The old version was:
foreach (var master = ...)
{
var details = ...;
Parallel.ForEach(details, detail => {
// Process each detail record here
}, new ParallelOptions { MaxDegreeOfParallelism = 15 });
// Perform the final batch updates here
}
But, the thread pool gets exhausted fast, and you can't do async/await.
Bonus:
To get around the problem in BlockingCollection where an exception is thrown in Take() when CompleteAdding() is called, I'm using the TryTake overload with a timeout. If I didn't use the timeout in TryTake, it would defeat the purpose of using a BlockingCollection since TryTake won't block. Is there a better way? Ideally, there would be a TakeAsync method.
As suggested, use TPL Dataflow.
A TransformBlock<TInput, TOutput> may be what you're looking for.
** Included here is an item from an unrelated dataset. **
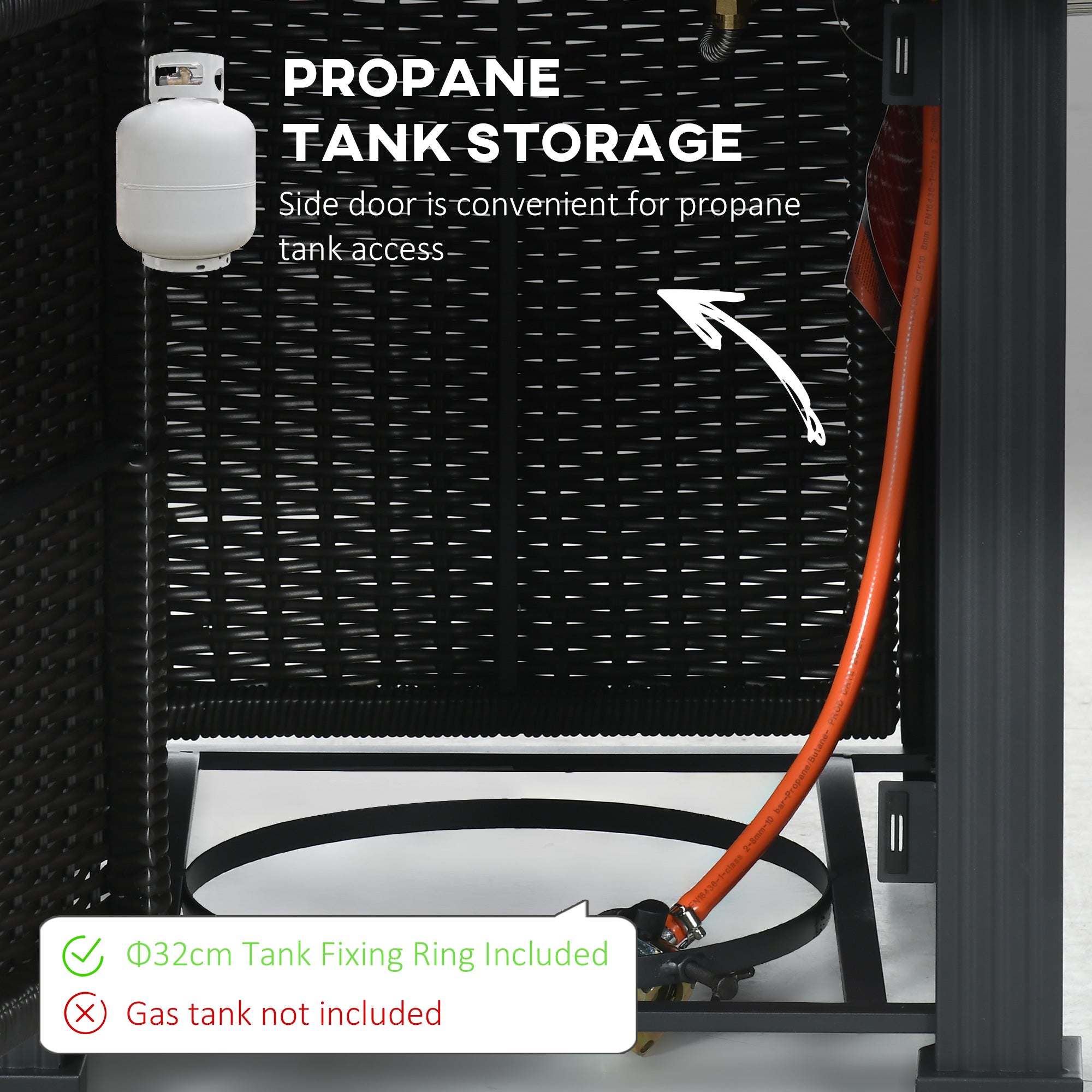 - Fuel: Propane gas (tank not included)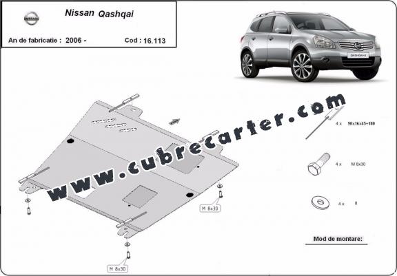 El cubre carter metalico es nuevo y se adapta perfectamente al Nissan Qashqai, con las siguientes versiones de motor / accionamiento: 1.6, 2.0, fabricado entre 2006 y 2013. La placa protega los siguientes: motor, caja de cambios Montada con salida de petróleo descendido así que no es necesario el cambio del petróleo cuando se quita la placa. Está preparado de chapa de Acero de 2 mm. Cerrojos, calces y todos los accesorios incluidos. Todas las placas son estrachadas con pintura de polvo anticorrosivo. Las placas del protección del motor son equipados con braceares soldados para resistir mejor a los impactos exteriores. |

You define a MaxDegreeOfParallelism to limit how many strings can be transformed (i.e., how many urls can be downloaded) in parallel. You then post urls to the block, and when you're done you tell the block you're done adding items and you fetch the responses.
var downloader = new TransformBlock<string, HttpResponse>(
url => Download(url),
new ExecutionDataflowBlockOptions { MaxDegreeOfParallelism = 50 }
);
var buffer = new BufferBlock<HttpResponse>();
downloader.LinkTo(buffer);
foreach(var url in urls)
downloader.Post(url);
//or await downloader.SendAsync(url);
downloader.Complete();
await downloader.Completion;
IList<HttpResponse> responses;
if (buffer.TryReceiveAll(out responses))
{
//process responses
}
Note: The TransformBlock buffers both its input and output. Why, then, do we need to link it to a BufferBlock?
Because the TransformBlock won't complete until all items (HttpResponse) have been consumed, and await downloader.Completion would hang. Instead, we let the downloader forward all its output to a dedicated buffer block - then we wait for the downloader to complete, and inspect the buffer block.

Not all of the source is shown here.